Altogether, the changes in Hsp90’s kinetic rates indicate a cooperative interplay between Cdc37 and Ste11 in the presence of ATP. These changes, however, are not yet sufficient to introduce directionality. For an ATP-driven cycle of Hsp90’s conformational kinetics—and therefore the cyclic operation of Hsp90—additional Aha1 and Sba1 are required, suggesting their active role in conveying the energy provided by ATP. Please note that the alternative to a cyclic operation is an energetic downhill process through successive binding of proteins. This is very unlikely because it would mean that one Hsp90 has to be degraded at the end of the energetic downhill process for each kinase activation event.
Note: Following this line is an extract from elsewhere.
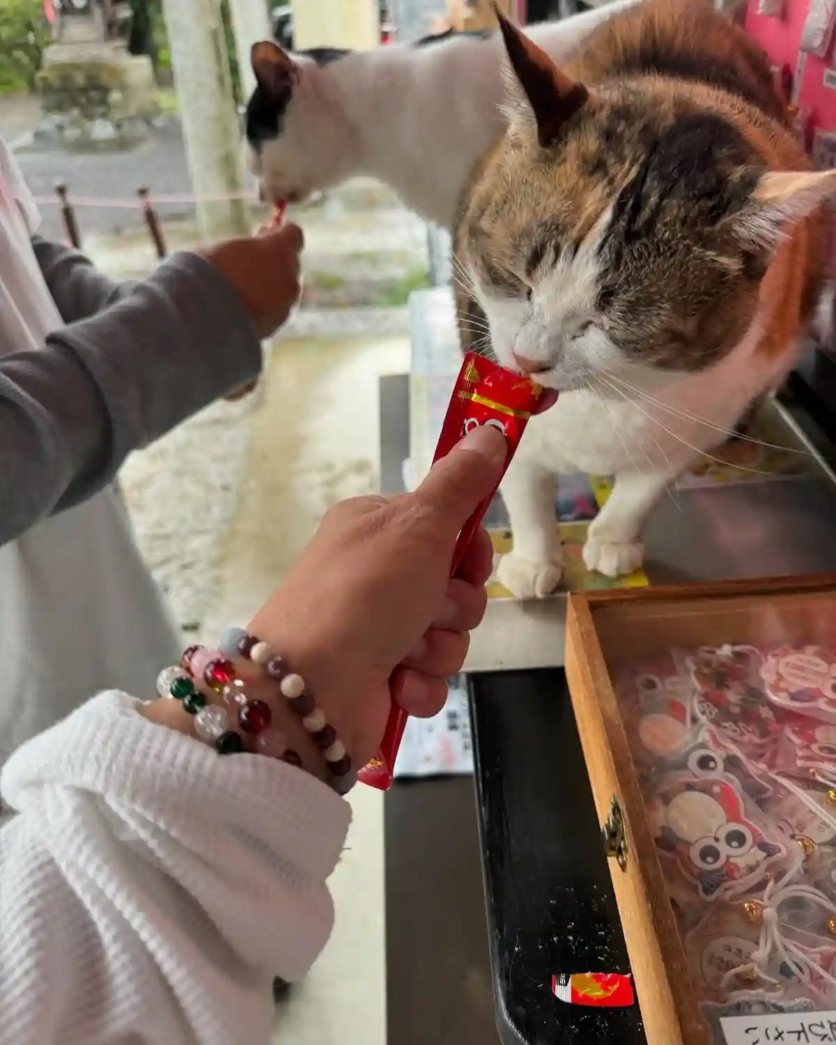 参拝者が絶えずやって来ていて、参拝者のためにコーヒーも…
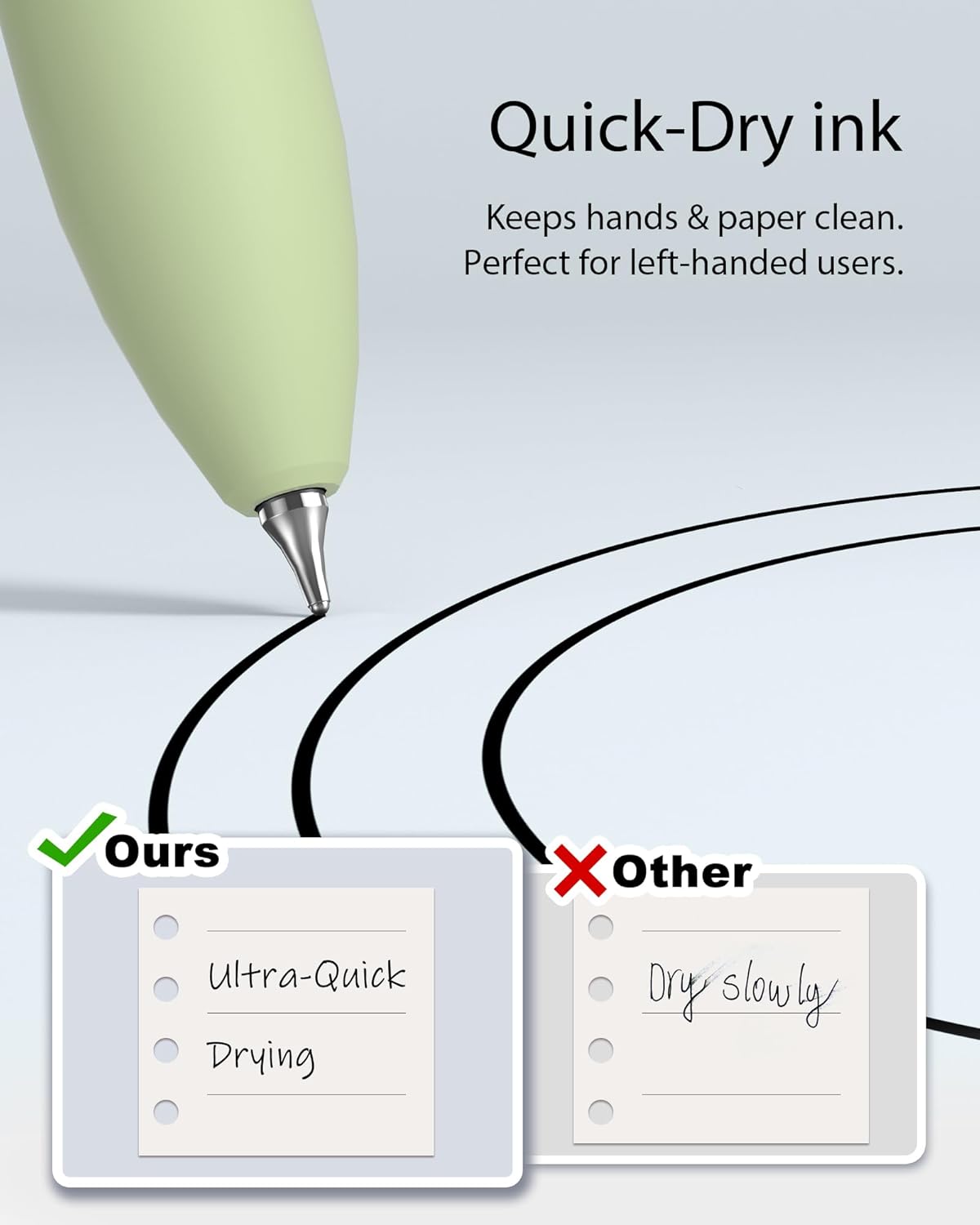 - Quick-Dry Long Lasting Ink:0.7mm black ink can slide effortlessly, dry immediately, & is not easily dirty. It has a high-capacity reservoir (up to 2,296 Feet ), which is very suitable for left-handed & right-handed users.

Directionality and ATPase rates are only weakly linked in Hsp90-kinase complexes

In the following, we tested how the directed progression of Hsp90’s dynamic, i.e. cycling, is linked to Hsp90’s ATPase rate. Therefore, we determined Hsp90’s ATPase in the presence of Cdc37, Sba1, Aha1, Ste11 and their combinations. Hsp90’s ATPase rate was found to be 1.3 ± 0.3 ATP/min, fitting well to previous data28. Figure 4 shows that in the presence of equimolar amounts of only Cdc37 and Ste11—a condition that did not induce directed behaviour of Hsp90’s kinetics—the chaperone’s ATPase rate is not significantly altered. This implies that there is an interaction between the kinase and Cdc37, preventing the latter from performing its full inhibitory function (Supplementary Fig. 5). For human Hsp90, it was previously shown that the sole addition of a client (the ligand-binding domain of the glucocorticoid receptor) is sufficient to control Hsp90 ATPase activity49. However, the presence of equimolar amounts of Ste11 did not increase the ATPase of the Hsp90 yeast homologue used within this paper (Supplementary Fig. 5). In contrast, the presence of Aha1 enhances this rate in all of the following cases, albeit to a different degree: when Cdc37 is present as well, the rate is increased to 1.8 ± 0.2 ATP/min. When Ste11 is added to the mix, it is further enhanced to 2.2 ± 0.2 ATP/min. Surprisingly, upon the addition of Sba1—a known ATPase inhibitor—Hsp90’s ATPase rate is boosted further to 2.6 ± 0.3 ATP/min. This final observation is in good agreement with the directionality observed in single-molecule measurements, indicating that there is some, but no strict, interplay between the directionality and Hsp90’s ATP hydrolysis rate. Altogether, such an interaction between three cochaperones allows for more evolved regulation, e.g. through a typical nucleotide exchange factor.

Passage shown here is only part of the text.